**Information supplied:**
========

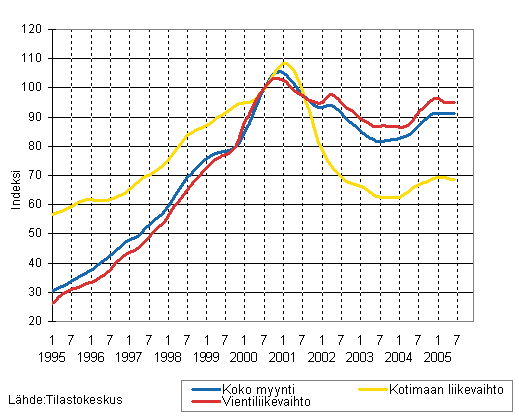 Sähkö- ja elektroniikkateollisuuden liikevaihdon, kotimaan liikevaihdon ja vientiliikevaihdon trendisarjat 1/1995 - 6/2005, 2000=100
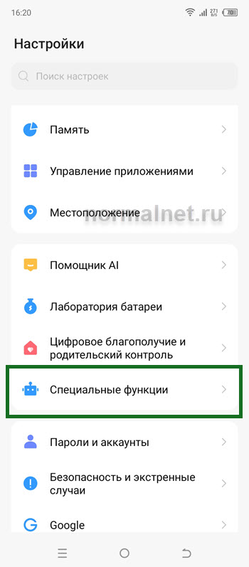 2. Далее переходим в раздел «Специальные функции».
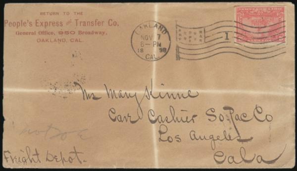 (Revenue), Tied by Oakland, Ca 7 Nov 1898 flag cancel on cover to Los Angeles. Has red "People's Express and Transfer Co./Oakland, Ca" corner card. VG+, toned. Scarce and unusual (Image)
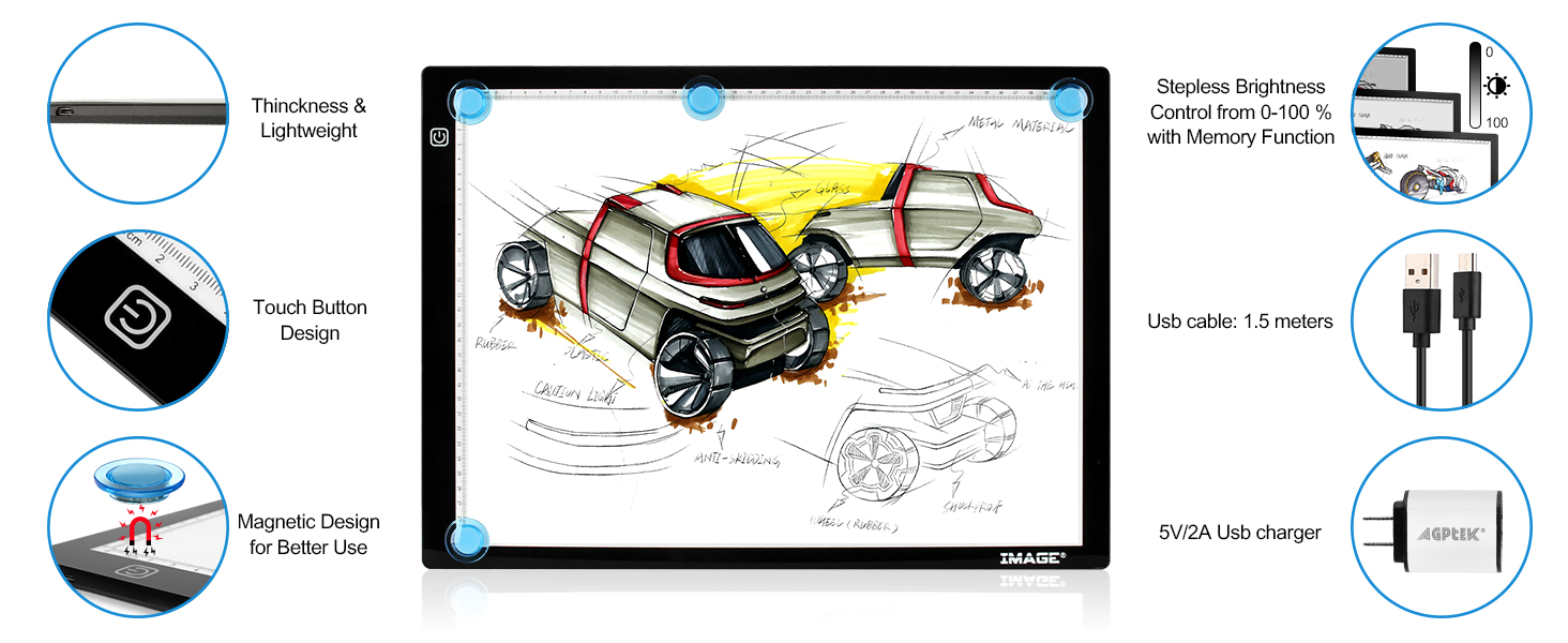 تطبيق واسع - مصباح LED ممتاز مثالي للاستنسل، والرسوم المتحركة ثنائية الأبعاد، والخط، والنقش، وسجل القصاصات، ونقل الوشم، والرسم والرسم، ومشاريع الخياطة، والزجاج الملون، واللحف، والرسم الماسي، والتزيين، وعرض الأشعة السينية وما إلى ذلك.

========

**What you need to do:** Images are to be omitted; repeat the remaining data above exactly.

**Solution for this problem:**
 Sähkö- ja elektroniikkateollisuuden liikevaihdon, kotimaan liikevaihdon ja vientiliikevaihdon trendisarjat 1/1995 - 6/2005, 2000=100
 2. Далее переходим в раздел «Специальные функции».
 (Revenue), Tied by Oakland, Ca 7 Nov 1898 flag cancel on cover to Los Angeles. Has red "People's Express and Transfer Co./Oakland, Ca" corner card. VG+, toned. Scarce and unusual (Image)
 تطبيق واسع - مصباح LED ممتاز مثالي للاستنسل، والرسوم المتحركة ثنائية الأبعاد، والخط، والنقش، وسجل القصاصات، ونقل الوشم، والرسم والرسم، ومشاريع الخياطة، والزجاج الملون، واللحف، والرسم الماسي، والتزيين، وعرض الأشعة السينية وما إلى ذلك.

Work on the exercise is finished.